The new build (0706201437) was installed by 17:12. The network servers appeared
to start OK. However, subsystems would not run; they died immediately upon
starting. This included the CSQ, SDB, ECS, PMCL, PSFL, MCS, LSS, TEL. This
continued until about 18:37. There are no core files.

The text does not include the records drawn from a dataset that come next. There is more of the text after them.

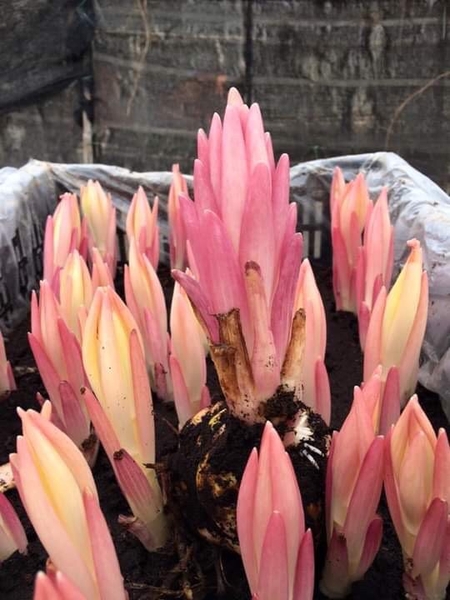 Chậu trồng: đường kính 18-20cm trồng 3 củ. Chậu 25-30cm trồng 5 củ…Cho giá thể vào chậu (dày chừng 5-10cm), đặt mầm củ hướng lên trên, chia khoảng cho cây phân bố đều trên mặt chậu, sau đó phủ giá thể dày 8-10cm (để hở đầu củ). Khi trồng xong phải tưới nước đảm bảo độ ẩm cho củ và giá thể.
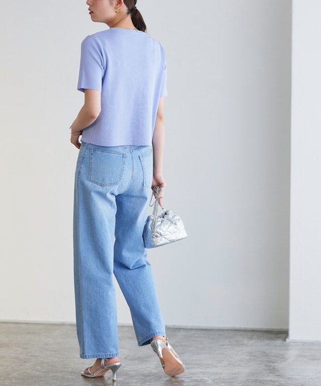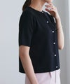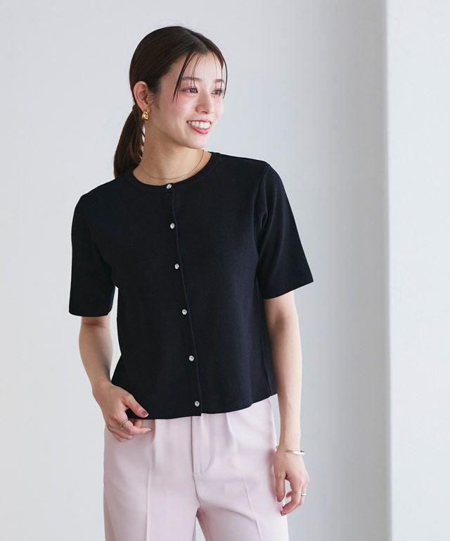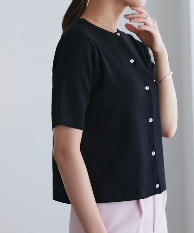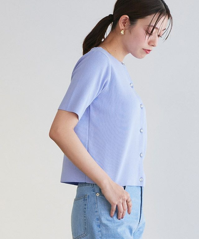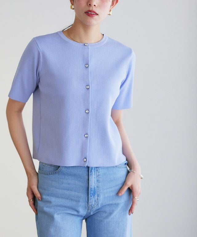 クロップド丈にすることで旬とスタイルアップを叶えてくれ、低身長さんもバランス良く、着用しやすいところも嬉しいポイント。ビジューボタンがスタイリングに華やかさをプラスし、女性らしい印象に導く一枚に仕上げました。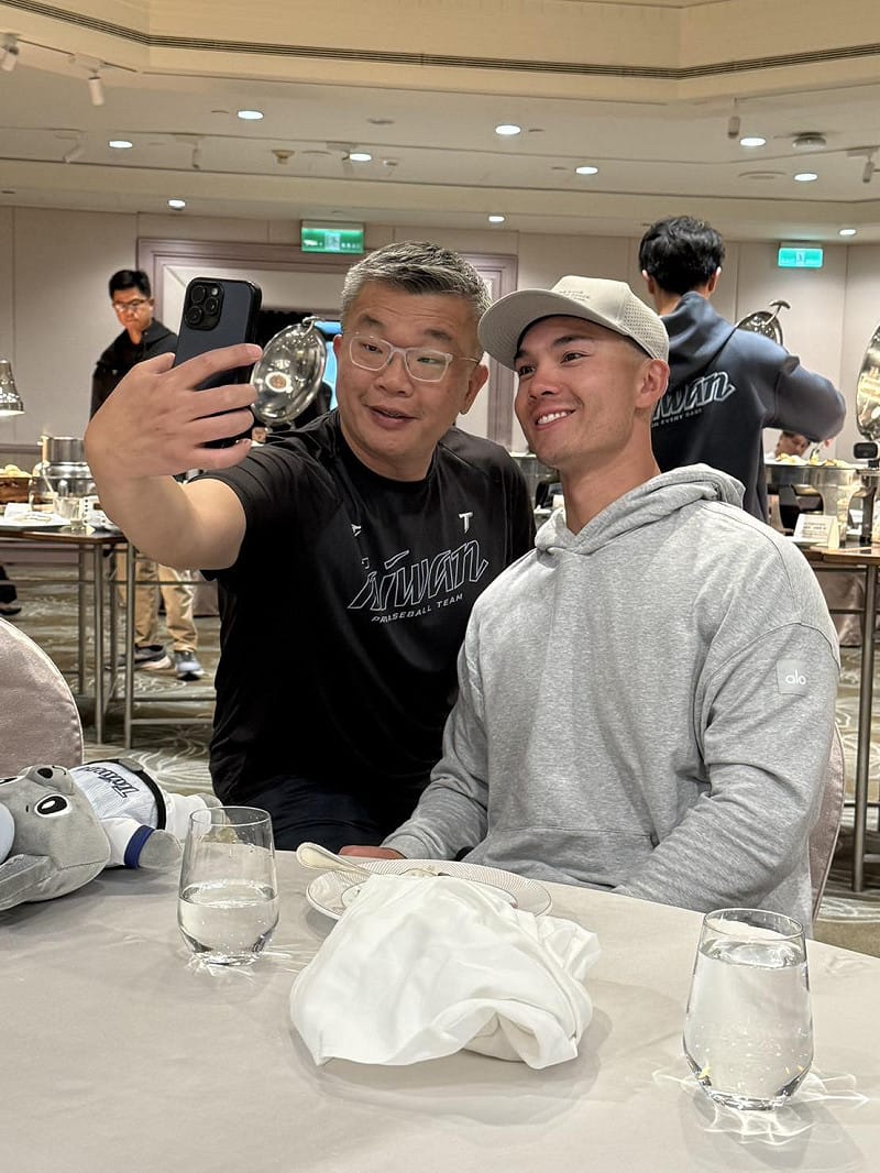 在聯盟工作人員驅趕簽名蟑螂後,費爾柴德搭車前往台灣隊入住的飯店,中華職棒聯盟會長蔡其昌也釋出照片,費爾柴得抵達飯店第一件事就先來跟宵夜中的隊友們打招呼,一起簡單吃個東西!

Michele was called around 6:40 pm, and she also had a problem starting the
subsystems. After checking some of the servers and not finding anything that
looked wrong, Michele resorted to the "Full shutdown and restart" scenario. ECS
was then started and some commands executed to ensure the TCS was working in a
nominal manner.

The MCSPU was not running around 18:54. Michele talked to Tom who got it running
around 19:29. The MCS is reporting errors:

  Jun 20 19:29:00 lbtmu103 LBT_MCS: parseXMLBuf error in exerces RPCERROR
  Jun 20 19:29:00 lbtmu103 LBT_MCS: mcspu is returning empty AZDrive reports!
  Jun 20 19:29:00 lbtmu103 LBT_MCS: Argument absStat not found
  Jun 20 19:29:00 lbtmu103 LBT_MCS: Argument enc0stat not found
  Jun 20 19:29:00 lbtmu103 LBT_MCS: Argument enc1stat not found
  Jun 20 19:29:00 lbtmu103 LBT_MCS: Argument enc2stat not found
  Jun 20 19:29:00 lbtmu103 LBT_MCS: Argument enc3stat not found
  Jun 20 19:29:00 lbtmu103 LBT_MCS: Argument servoPosError not found
  Jun 20 19:29:00 lbtmu103 LBT_MCS: Argument positionOffset not found
  Jun 20 19:29:00 lbtmu103 LBT_MCS: Argument enc0position not found
  Jun 20 19:29:00 lbtmu103 LBT_MCS: Argument enc1position not found
  Jun 20 19:29:00 lbtmu103 LBT_MCS: Argument enc2position not found
  Jun 20 19:29:00 lbtmu103 LBT_MCS: Argument enc3position not found

The MCS died several times along in here.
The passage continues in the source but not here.